-- Говоришь, сын Бек-Булата бежал?
-- Да, он, Сейдяк, а с ним его мамка Аниба и главный шаман, что признал меня у ворот крепости.
-- А где жена самого Бек-Булата? -- задал наконец Кучум главный вопрос, мучивший его вторые сутки.
-- О хан, та сучка еще сбежала, когда узнала о приближении твоем. Разное о ее бегстве говорили... Будто полюбовник у нее брат Бек-Булатов, Едигир. Вот к нему, верно, и убежала...
-- Ясно, иди,-- махнул рукой Кучум и вновь повернулся к иртышскому берегу, уйдя целиком в свои думы.

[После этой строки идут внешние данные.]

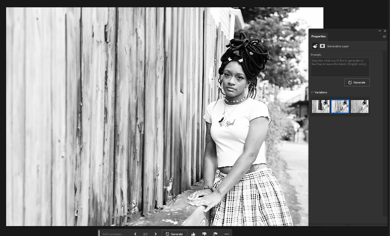The process is simple: make a selection – any selection, then tell Photoshop exactly what you want placed there. The GenAI models will return an object or scene you described. You can:

Старик исчез мигом, радуясь, что его ни в чем не обвинили, но остался юзбаша, что первым потревожил Кучума. Он в нерешительности помялся сзади него, а потом все же решился задать вопрос:
-- Снаряжать ли погоню за беглецами?
-- Ну их,-- Кучум, не поворотясь, махнул рукой,-- и так найдутся. Теперь это наше царство, и они отныне наши подданные. Лучше наведи порядок в городке. И отправь гонца к Алтанаю, чтобы шел сюда со всем войском.
Юзбаша исчез, а Кучум остался на берегу со своими мыслями и сомнениями. Более всего в данный момент его беспокоила Зайла, которая могла угодить в руки его же воинов или противников Бек-Булата и Едигира, которые, наверняка, пожелают разделаться с ней. Но даже если и сторонники сибирских ханов узнают, чья она сестра, то ей несдобровать. Ее могут обвинить в предательстве и иных бедах...

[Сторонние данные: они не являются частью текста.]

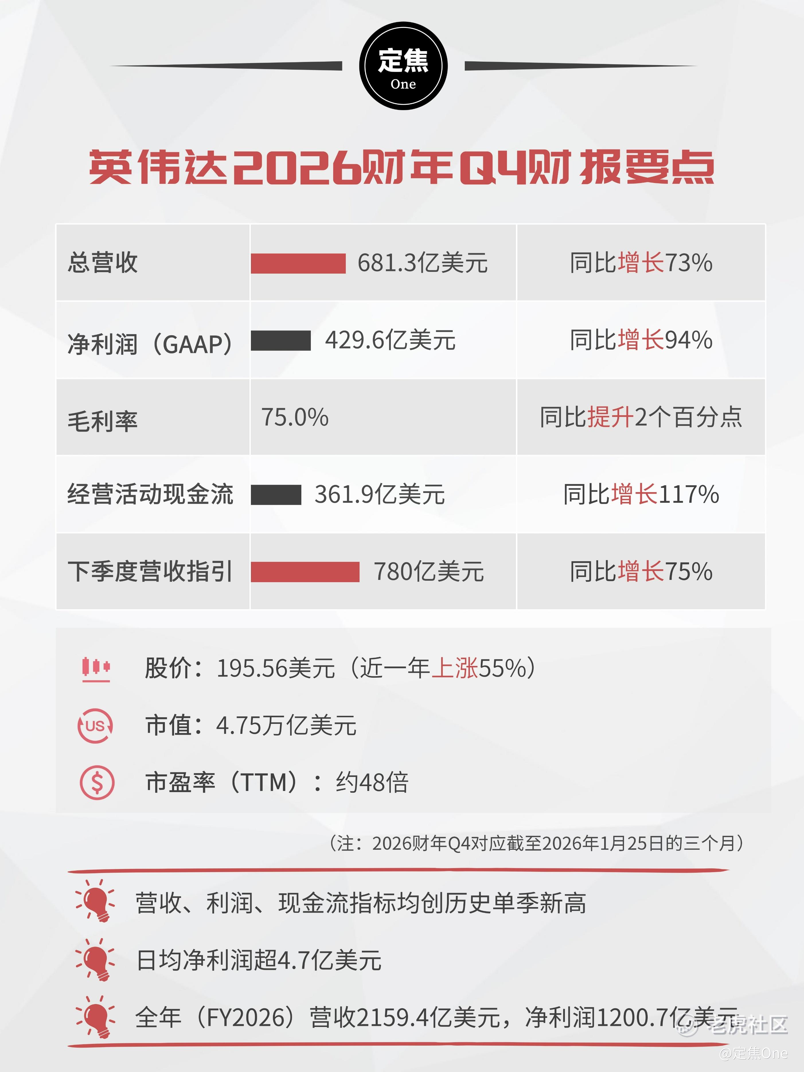 2月21日,英伟达公布了2026财年第四季度财报,再次以碾压式的数字震撼市场。总营收高达681.3亿美元,同比增长73%;GAAP净利润达到429.6亿美元,同比猛增94%——相当于平均每天净赚超过4.7亿美元。营收、利润、现金流三项核心指标均创历史单季新高。

По всему выходило, что сестре угрожала опасность с любой стороны, и он, отныне полновластный правитель Сибири, ничем не мог ей помочь.
"Все в руках Аллаха",-- подумал он и поднял руки к небу, как бы призывая покрытое темными тучами холодное и чужое ему небо в свидетели.
ДОРОГА ТЫСЯЧИ ВЕСЕЛ
Едва Зайла-Сузге отплыла от брошенного селения и миновала стремнину реки, делавшей крутой поворот, как заметила, что обе собаки, сидевшие в носу лодки, начали беспокойно себя вести.
-- Что вы волнуетесь, миленькие? -- обратилась она к ним и заметила, что те поднимают то одну, то другую лапу, отряхивая их.
-- Что случилось? -- продолжала спрашивать их, словно те могли ответить ей.
Приглядевшись внимательней, Зайла заметила, что в лодке полно воды и она уже подбирается к ее ногам. Едигир, лежавший вдоль долбленки, заслонил своим телом течь, а потому было не видно, как появилась вода.
-- Верно, моя затычка выскочила, и мы можем запросто утонуть,-испуганно прошептала она.-- Аллах, сжалься над нами! Чем мы прогневали тебя?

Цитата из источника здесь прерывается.